Thread: pgsql: Allow vacuum command to process indexes in parallel.

pgsql: Allow vacuum command to process indexes in parallel.

From
Amit Kapila
Date:
Allow vacuum command to process indexes in parallel.

This feature allows the vacuum to leverage multiple CPUs in order to
process indexes.  This enables us to perform index vacuuming and index
cleanup with background workers.  This adds a PARALLEL option to VACUUM
command where the user can specify the number of workers that can be used
to perform the command which is limited by the number of indexes on a
table.  Specifying zero as a number of workers will disable parallelism.
This option can't be used with the FULL option.

Each index is processed by at most one vacuum process.  Therefore parallel
vacuum can be used when the table has at least two indexes.
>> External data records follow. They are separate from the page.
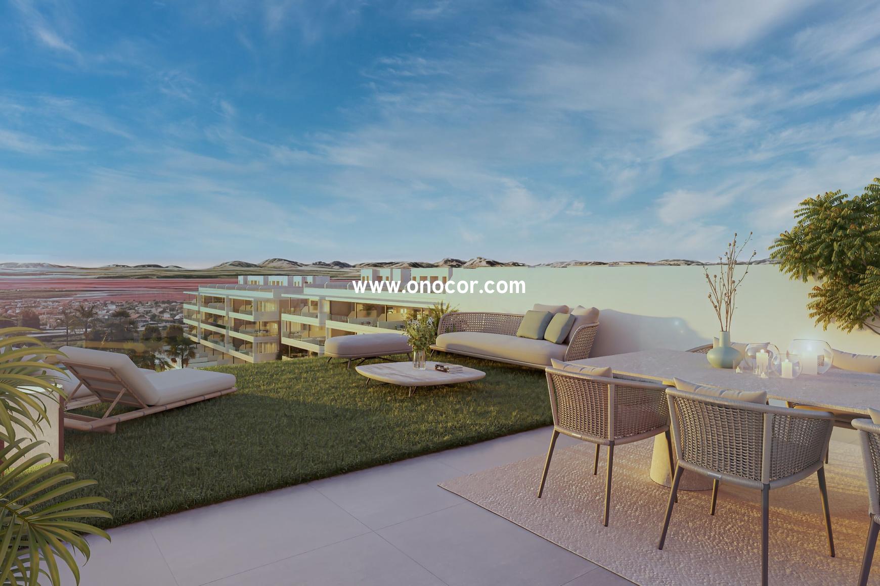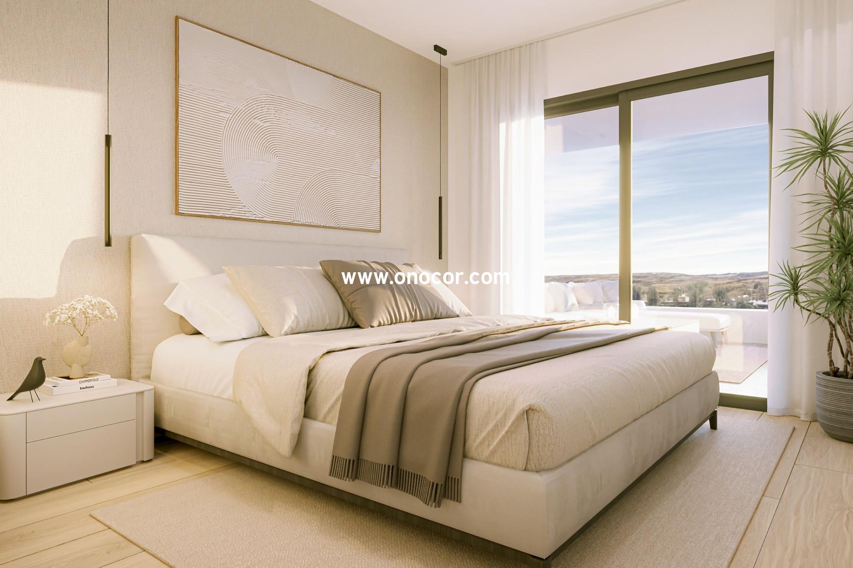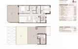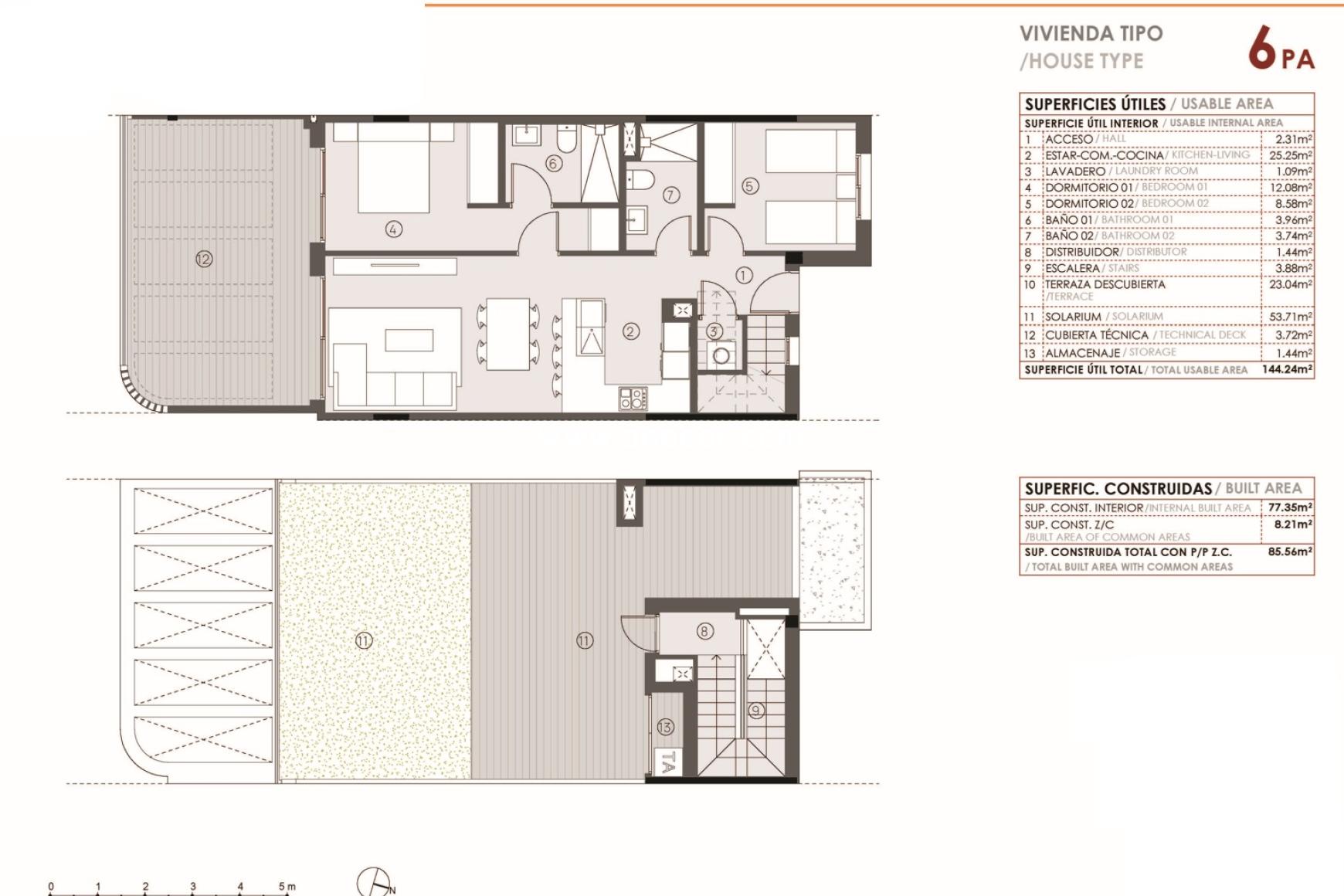 Das Penthouse hat eine Gesamtfläche von 78 m² und verfügt über zwei Schlafzimmer und zwei Badezimmer, eines davon en suite. Ein besonderes Highlight ist der überdachte Balkon mit 23 m² sowie die private Dachterrasse von 53 m², die über eine Innentreppe zugänglich ist und großzügigen Platz für Sonnenbaden oder Outdoor-Living bietet. Helle Räume, moderne Architektur und hochwertige Bauausführung schaffen ein komfortables Wohnambiente.
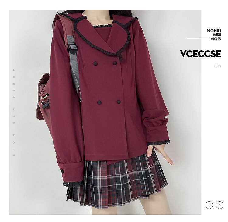 色:赤い丸首,赤いレースの襟,白い丸首,白いレースの襟
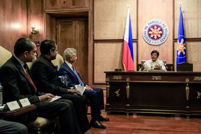 出席会见的还有菲律宾外交部长恩里克·马纳洛、执行秘书卢卡斯·贝尔萨明、国防部长吉尔伯特·特奥多罗、国家安全顾问秘书爱德华多·阿尼奥;印度外交部附加秘书(南部)拉维·尚卡尔、联合秘书桑迪普·库马尔·拜亚普和印度驻菲律宾大使尚布·库马兰。

The parallel degree is either specified by the user or determined based on
the number of indexes that the table has, and further limited by
max_parallel_maintenance_workers.  The index can participate in parallel
vacuum iff it's size is greater than min_parallel_index_scan_size.
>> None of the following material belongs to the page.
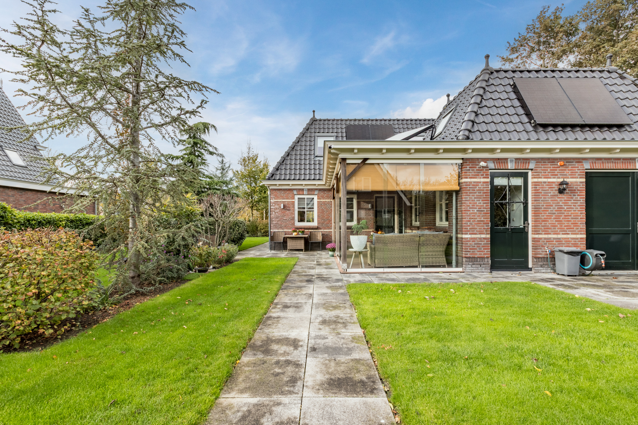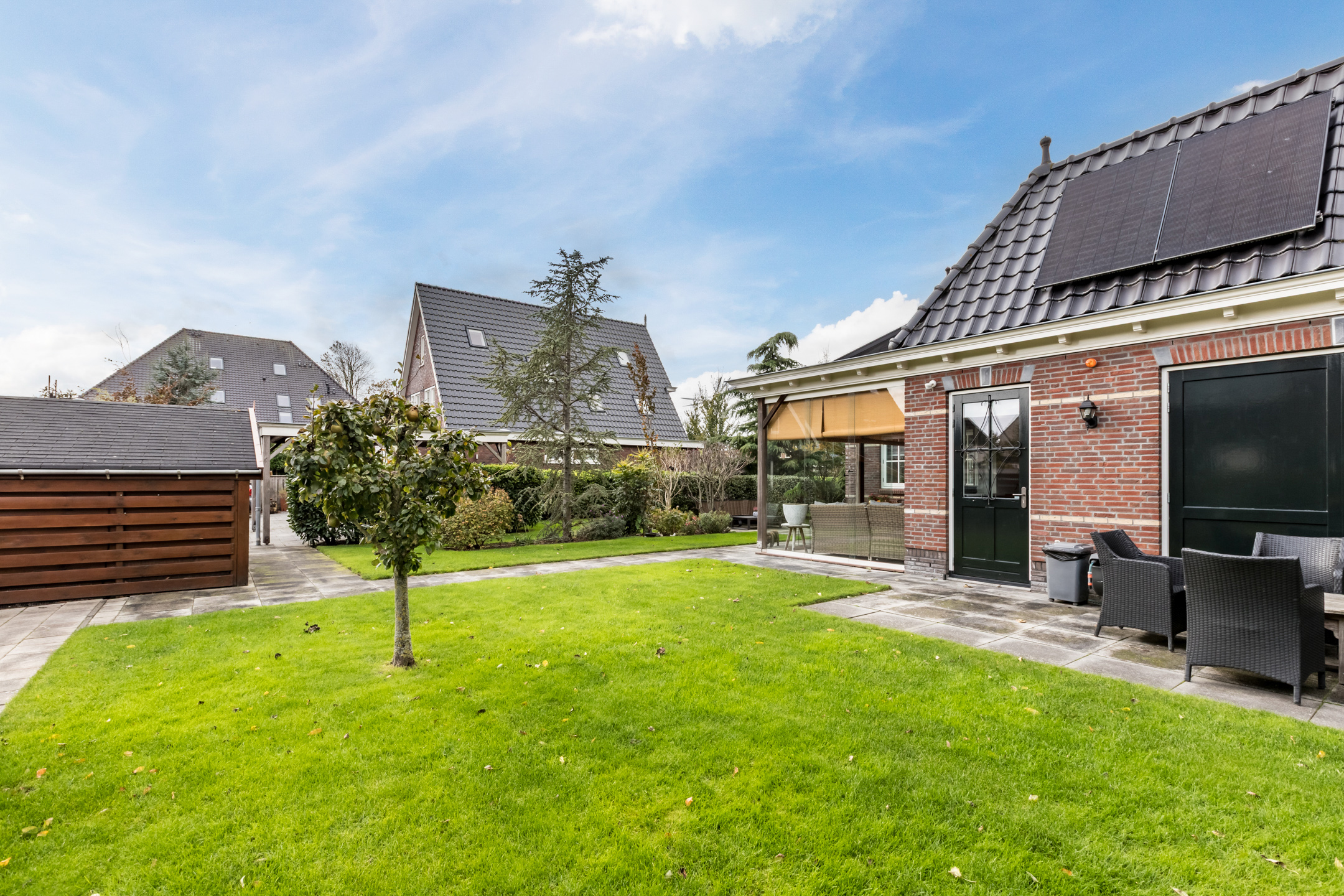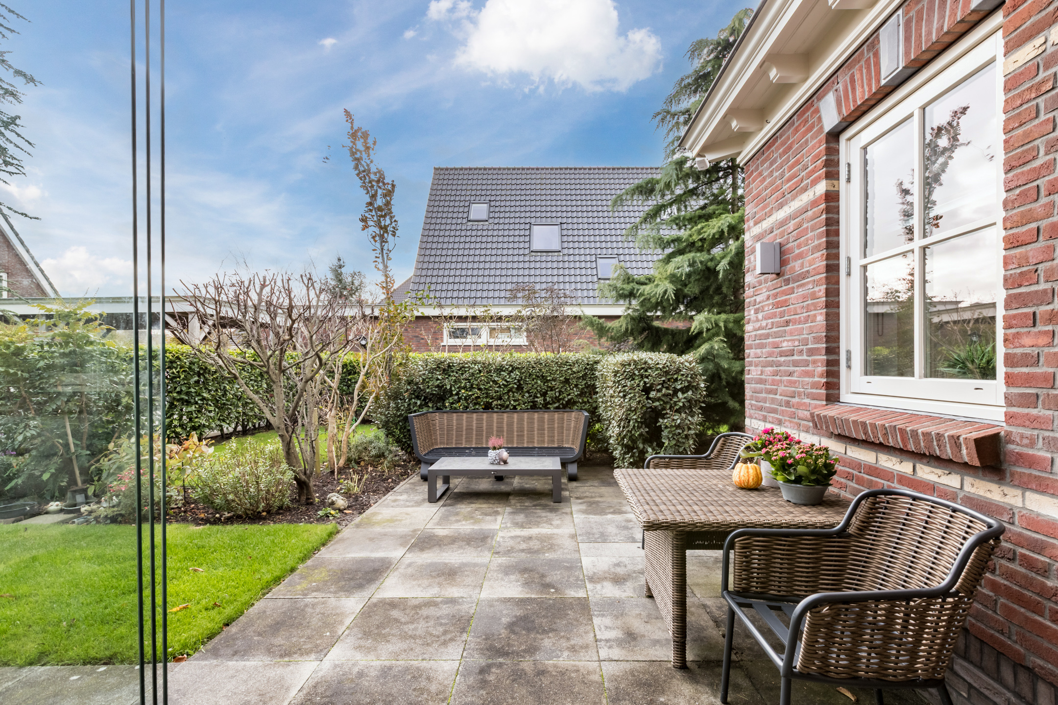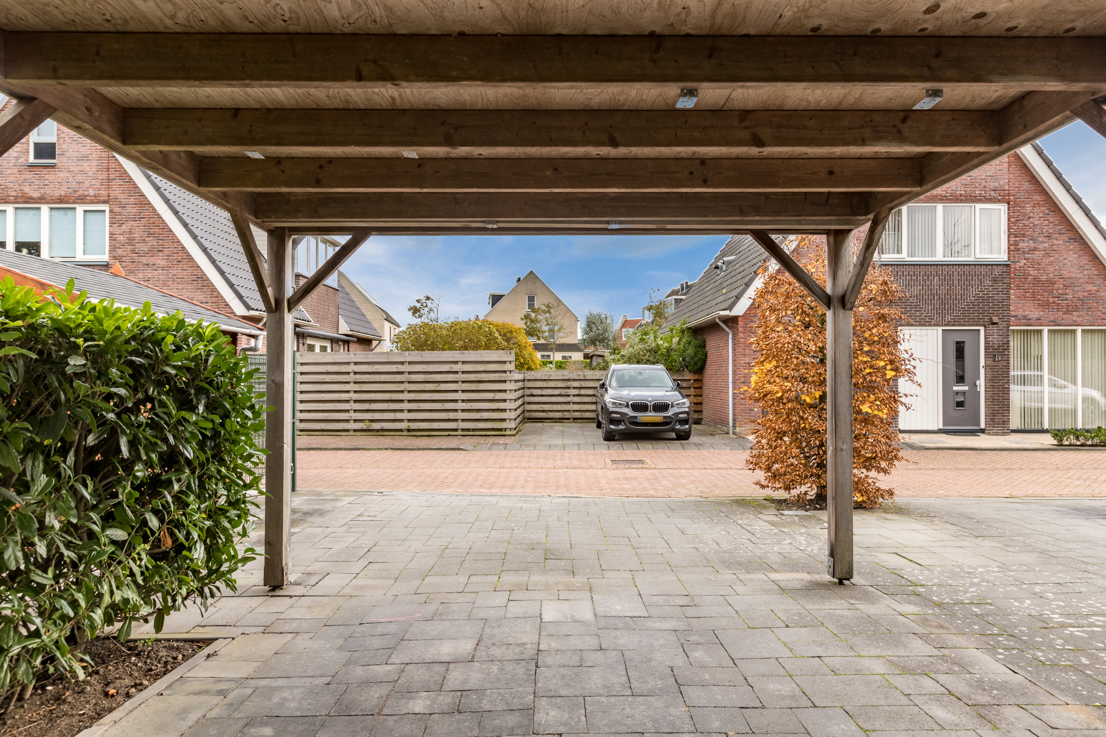 De prachtige aangelegde tuin beschikt over een fraaie overkapping heeft diverse terrassen, gazon en volwassen groen en houten berging. Tevens is er een oprit met een carport aanwezig.

Author: Masahiko Sawada and Amit Kapila
Reviewed-by: Dilip Kumar, Amit Kapila, Robert Haas, Tomas Vondra,
Mahendra Singh and Sergei Kornilov
Tested-by: Mahendra Singh and Prabhat Sahu
Discussion:
https://postgr.es/m/CAD21AoDTPMgzSkV4E3SFo1CH_x50bf5PqZFQf4jmqjk-C03BWg@mail.gmail.com
https://postgr.es/m/CAA4eK1J-VoR9gzS5E75pcD-OH0mEyCdp8RihcwKrcuw7J-Q0+w@mail.gmail.com

Branch
------
master

Details
-------
https://git.postgresql.org/pg/commitdiff/40d964ec997f64227bc0ff5e058dc4a5770a70a9

Modified Files
--------------
doc/src/sgml/config.sgml              |   18 +-
doc/src/sgml/ref/vacuum.sgml          |   61 +-
src/backend/access/heap/vacuumlazy.c  | 1256 ++++++++++++++++++++++++++++++---
src/backend/access/transam/parallel.c |   26 +-
src/backend/commands/vacuum.c         |  135 +++-
src/backend/postmaster/autovacuum.c   |    2 +
src/bin/psql/tab-complete.c           |    2 +-
src/include/access/heapam.h           |    3 +
src/include/access/parallel.h         |    4 +-
src/include/commands/vacuum.h         |   12 +
src/test/regress/expected/vacuum.out  |   34 +
src/test/regress/sql/vacuum.sql       |   31 +
src/tools/pgindent/typedefs.list      |    4 +
13 files changed, 1452 insertions(+), 136 deletions(-)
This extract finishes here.